Does the HOA Pool Have A Leak or is it Water Evaporation?

Water being such a large part of a HOA’s annual budget watching for pool leaks is always prudent. However, it is very common for normal every day water evaporation to be mistaken for a pool leak. Determining the evaporation rate is the first step in determining if the water disappearance is due to evaporation or a leak.


Geographic and environmental reasons determine the rate of evaporation. Due to evaporation, swimming pools loose about a quarter of an inch of water each day on average. However, environmental issues such as sunlight, humidity, and wind intensity can significantly affect evaporation rate.


The humidity of the southern United States has a positive effect in that a dryer environment would pull more water out of a pool. Thus humidity keeps more water in a pool, because humid air is already heavy with moisture. The sun also has a major impact on evaporation by heating up the pool water and turning water molecules into air molecules. Interestingly, wind plays a large part in water evaporation by blowing away water particles.
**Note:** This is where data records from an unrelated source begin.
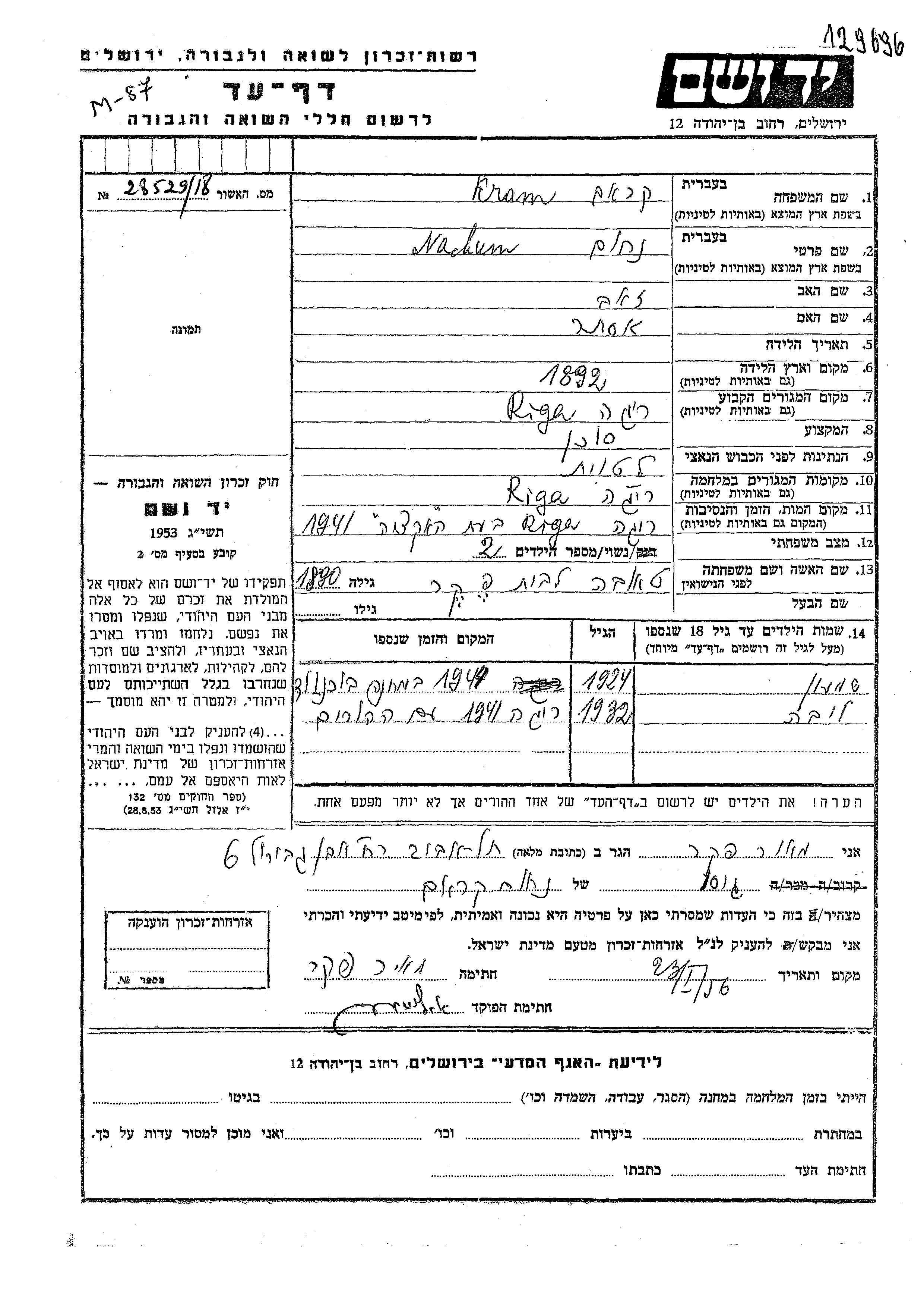 Kram Nachum 1892 Riga, Lettonie Feuille de témoignage
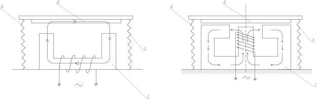 На рис. 24 схематично изображена конструкция электромагнитных вибровозбудителей с П-образным и Ш-образным магнитным сердечником.
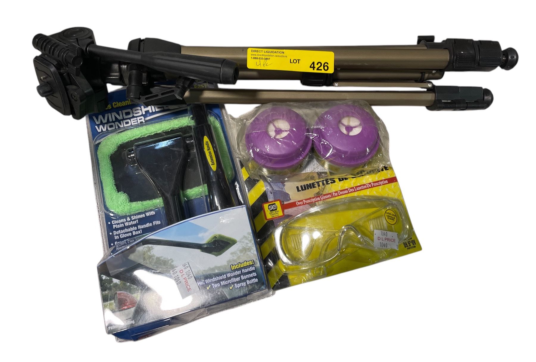 Dynex Tripod, Windshield Wonder, Safety Glasses & Honeywell Mask Filters
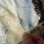 Referenz! Die Haut wird mit der Emulsion behandelt, wobei der Kontakt mit dem Fell vermieden wird.

Non environmental issues such as the level of activity in the pool affects water levels. Pool users continually getting out of the pool while this make seem insignificant does have an effect.     Normal splashing and playing will also reduce the water levels.


A simple and effective test to determine if the HOA pool has a leak of if the water loss is due to normal evaporation is the Bucket Test. The Bucket Test:


– Fill the pool to the normal level

– Fill a five gallon plastic bucket with pool water to within two inches of the top of the bucket

– Place the bucket on the steps of the pool, at least six inches submerged in the pool water

– Mark the level if the water within the bucket

– Temporarily turn off the pool pump and autofill. Then mark the pool water level on the outside of the bucket. Turn the pump and autofill back on.

– Measure the distance between the marks

– Allow for 24 hours and compare the two water levels.


If the water levels are the same distance apart, probably only evaporation has occurred. If the pool water goes down more than the bucket’s water level, more than likely there is a leak. At this point it would be advisable to retain the services of a company that specializes in finding leaks and having the leak fixed.


If there is a leak continuing filling the pool my seem like a viable option, however, pool leaks are generally very serious. Very serious in that if a pool leak is not addressed there is a greater potential for severe damage. Leaks can, overtime, damage the structural integrity of the pool resulting in 10s of thousands in repair costs.